"I think last week, the big washout in NXP Semis has given you a buying opportunity," the "Mad Money" host argued. "At these levels, I think this semiconductor company is pretty attractive ... even without a takeover."
Cramer noted how radically Wall Street's tune changed in the days following Qualcomm's termination of the negotiations and the soft quarterly earnings report NXP issued the next day.
NXP's stock got slammed on its second-quarter results.
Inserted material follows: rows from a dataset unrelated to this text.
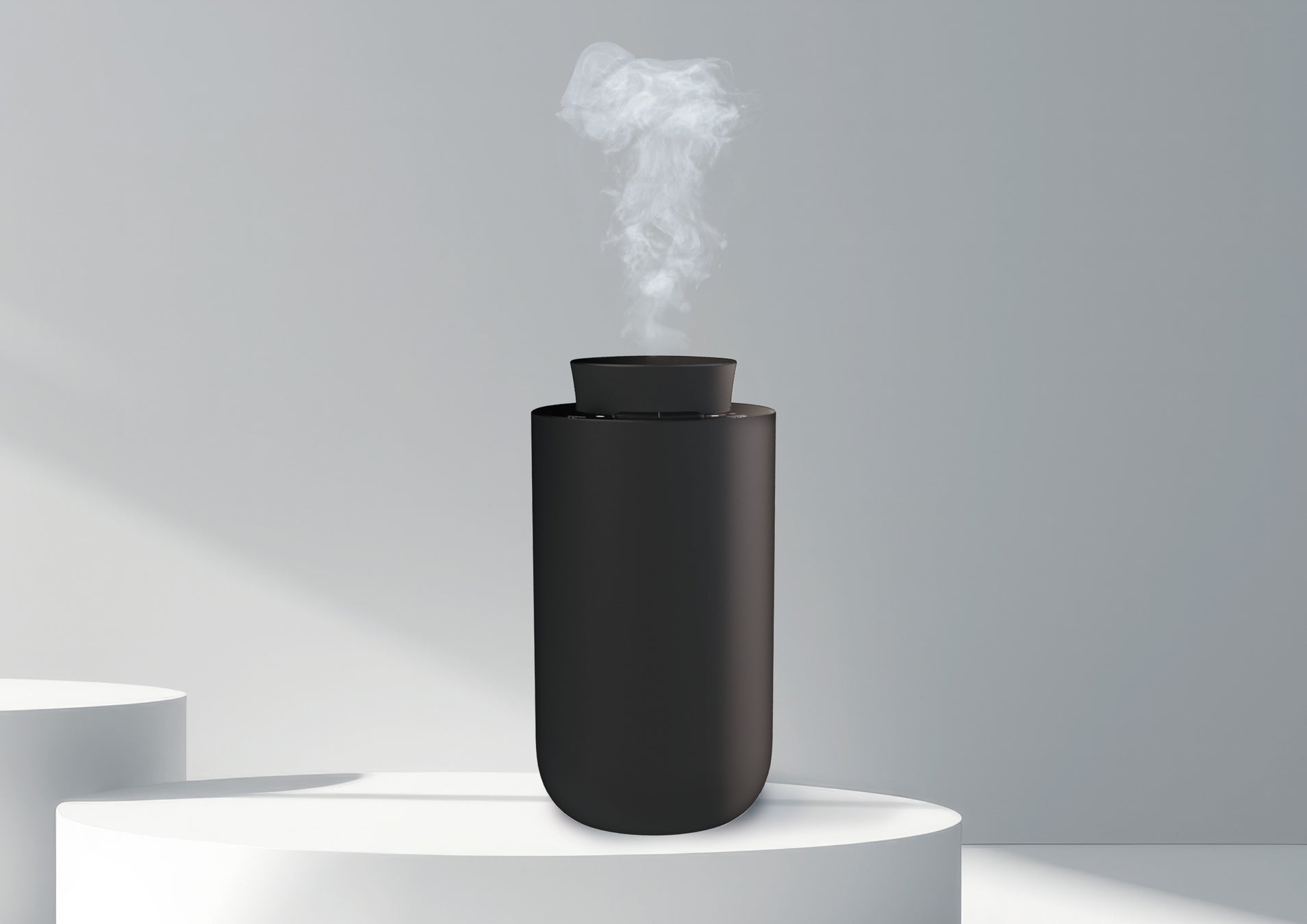 エッセンシャルオイルを薄めずミスト化するネブライザー式の電動式噴霧で、空間の香りの強さも3段階の噴霧レベルで調整可能。
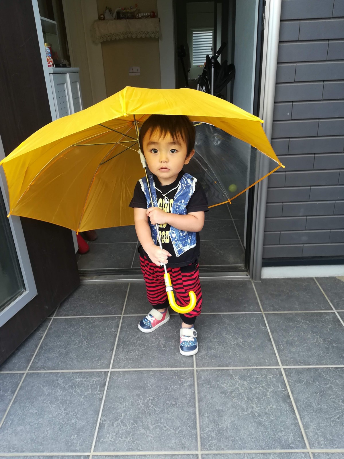 雨の中、お散歩に行きたいと兄の傘を持ちだし、連れて行って〜とおねだり中の一枚です。
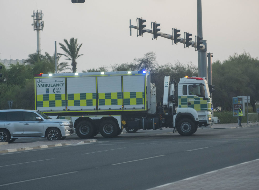 9月9日,在卡塔尔都门多哈,一辆急救车到达事发现场隔邻。新华社发(尼库摄)
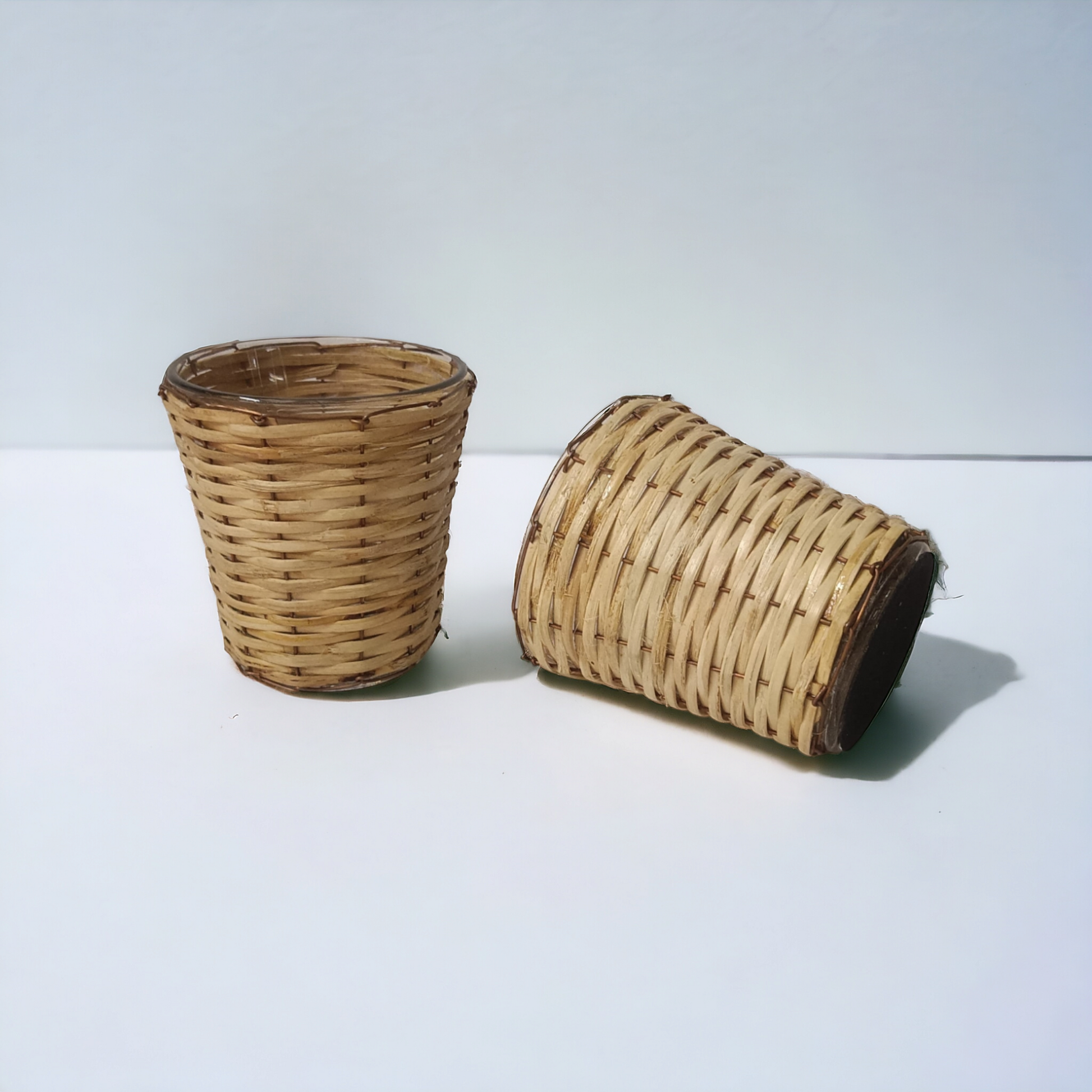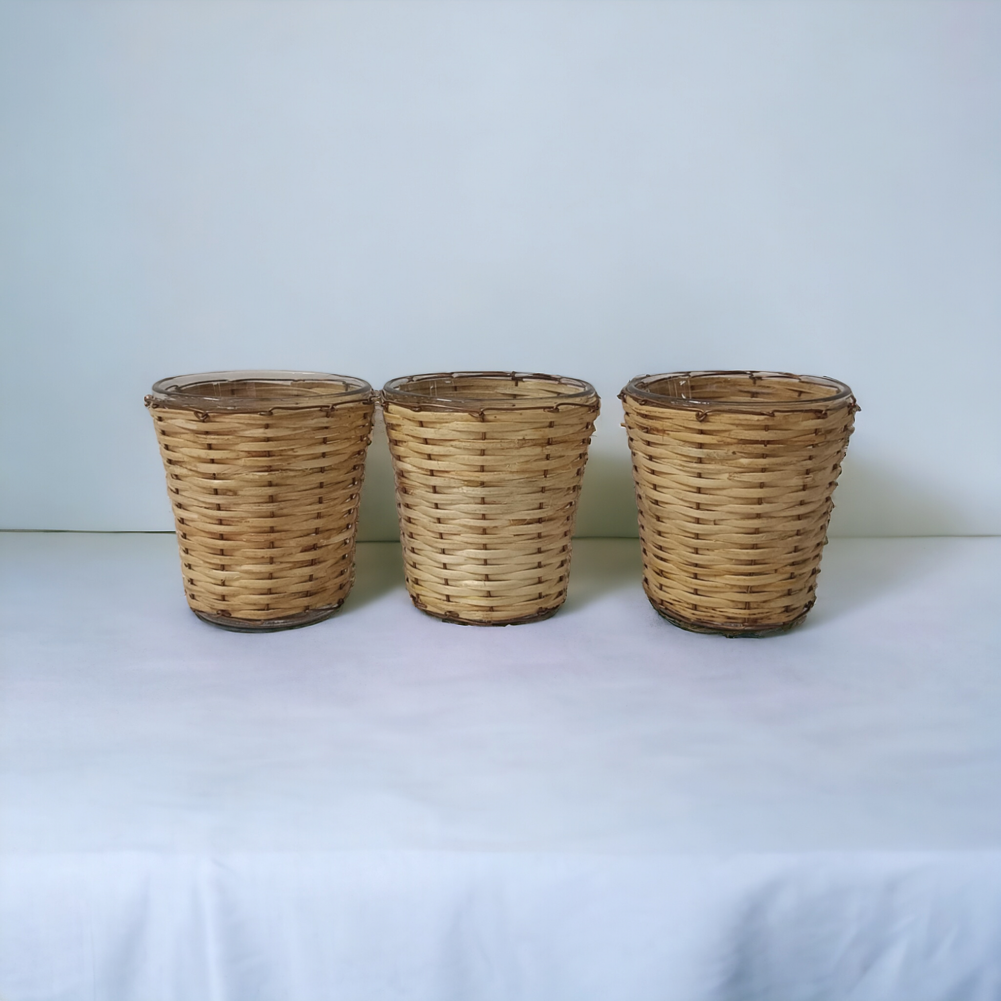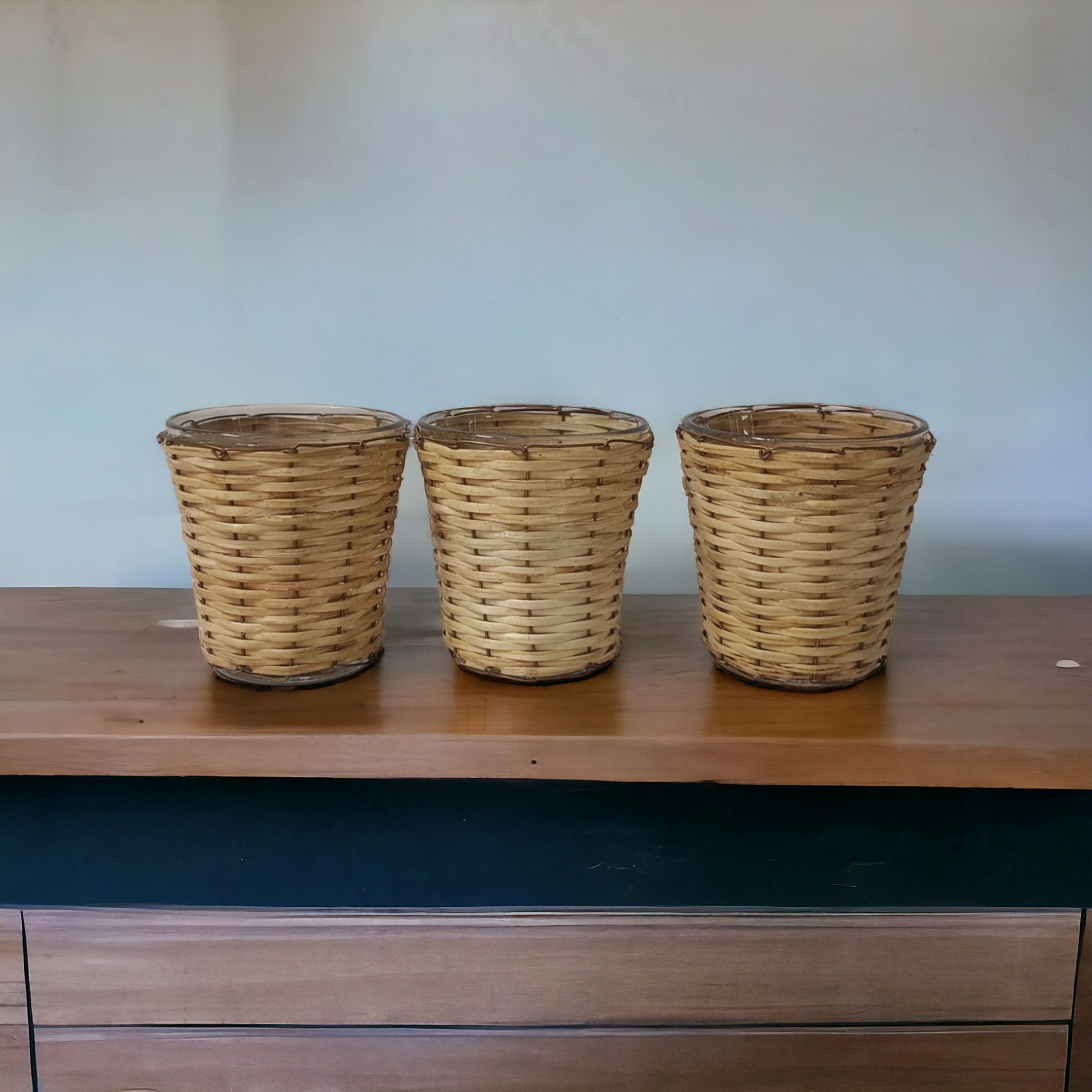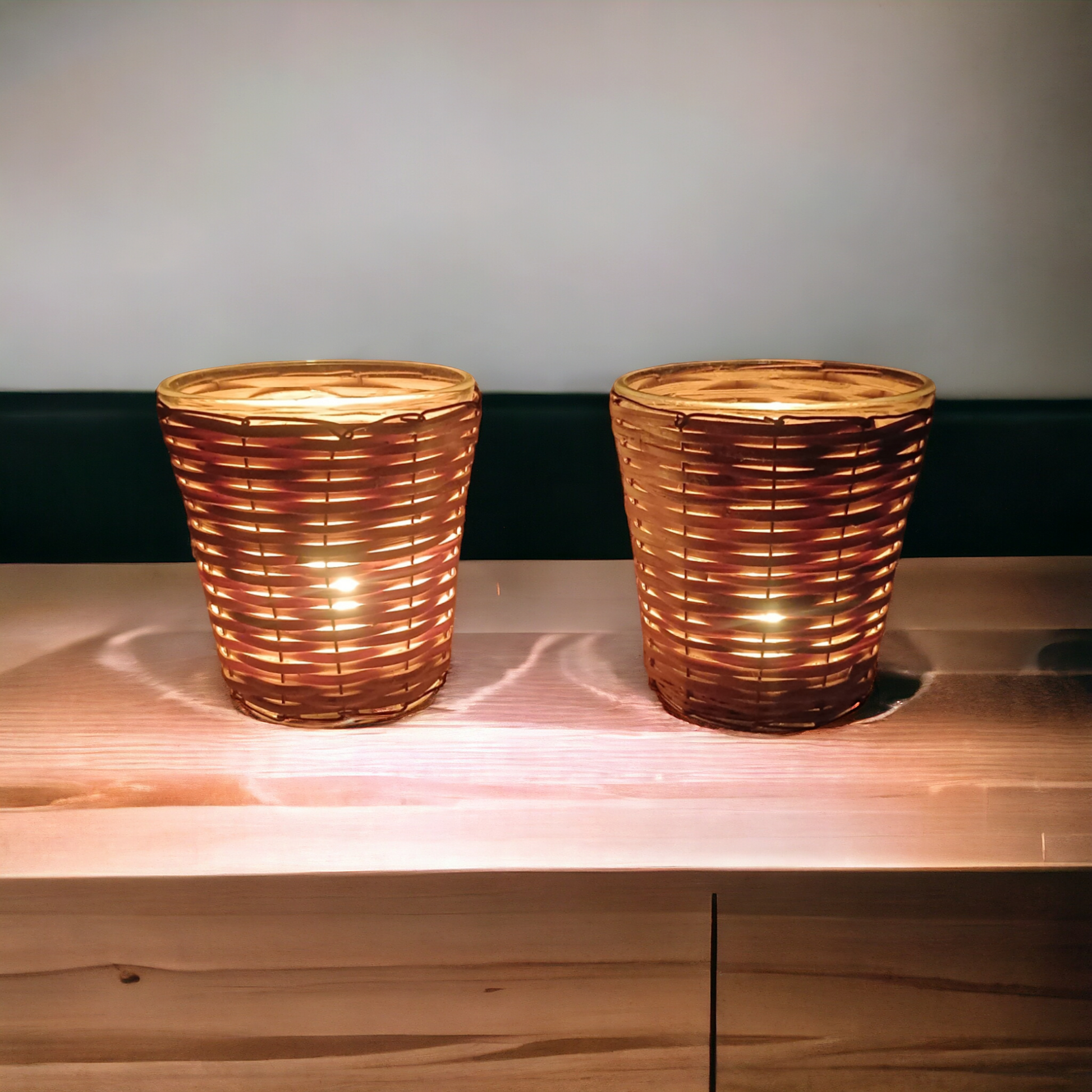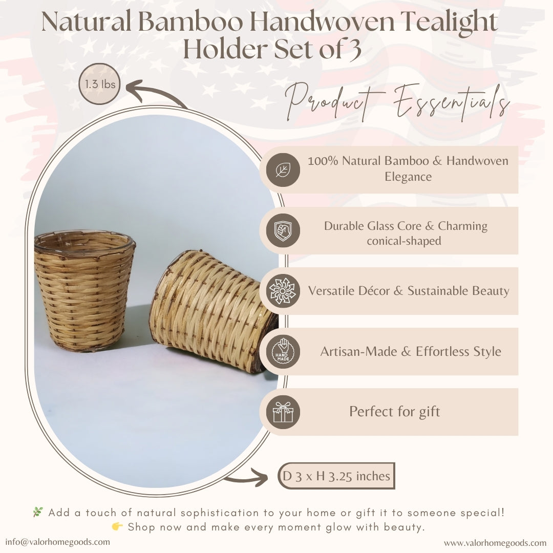 Mini Decorative Bamboo Tea Light Holders Gift Set of 3

But then five different analysts upgraded its stock, stopping the decline in its tracks and setting CEO Richard Clemmer up for an incredibly bullish Friday interview on CNBC.
"While the organization has experienced a level of deal fatigue, the core basics of the business have actually strengthened," Clemmer told CNBC's David Faber on "Squawk on the Street," highlighting NXP's strong position in two key markets: autos and the internet of things.
Clemmer also predicted that NXP could reach a 3-year compound growth rate of 5 to 7 percent, roughly 50 percent faster than the growth in its addressable market.
As for the stock, the CEO said NXP is also starting a 15 percent share buyback program, which could boost earnings significantly if the chipmaker executes quickly, according to a J.P. Morgan report.
"I think that's a pretty compelling argument," Cramer said. "Let's not forget that while NXP is a $95 stock, Qualcomm was willing to pay $127.50 per share for the whole enchilada. In other words, the folks who run Qualcomm — real smart people — thought NXP was worth $32 more than where it's currently trading."
The end of the Qualcomm saga could have benefited NXP on another critical front. In NXP's last earnings report, Clemmer mentioned that the company had lost some "strategic" mobile business.
Cramer took that statement as Clemmer saying NXP had lost a key client in Apple, which could have walked away from NXP because it "didn't want to deal with a Qualcomm subsidiary" due to its spat with Qualcomm.
"Long term, I bet that they can win this business back," he said of NXP. "In short, this deal falling apart could actually be a positive, a major positive, for a big part of their business."
And even though one of Cramer's top technicians, Bob Lang, the founder of ExplosiveOptions.net and one of the brains behind TheStreet.com's Trifecta Stocks newsletter, warned that NXP's stock could turn bearish if it fell below the low $90s, Cramer felt the company's outlook was better than feared.
"Now that we know the Qualcomm deal is not happening, we can focus on NXP's prospects again and I like what I see," Cramer said. "I think you can buy some here and then add to your position if you like what the company has to say at their analyst day in September. It's a washed-out, de-risked tech story in a market filled with very risky dynamics."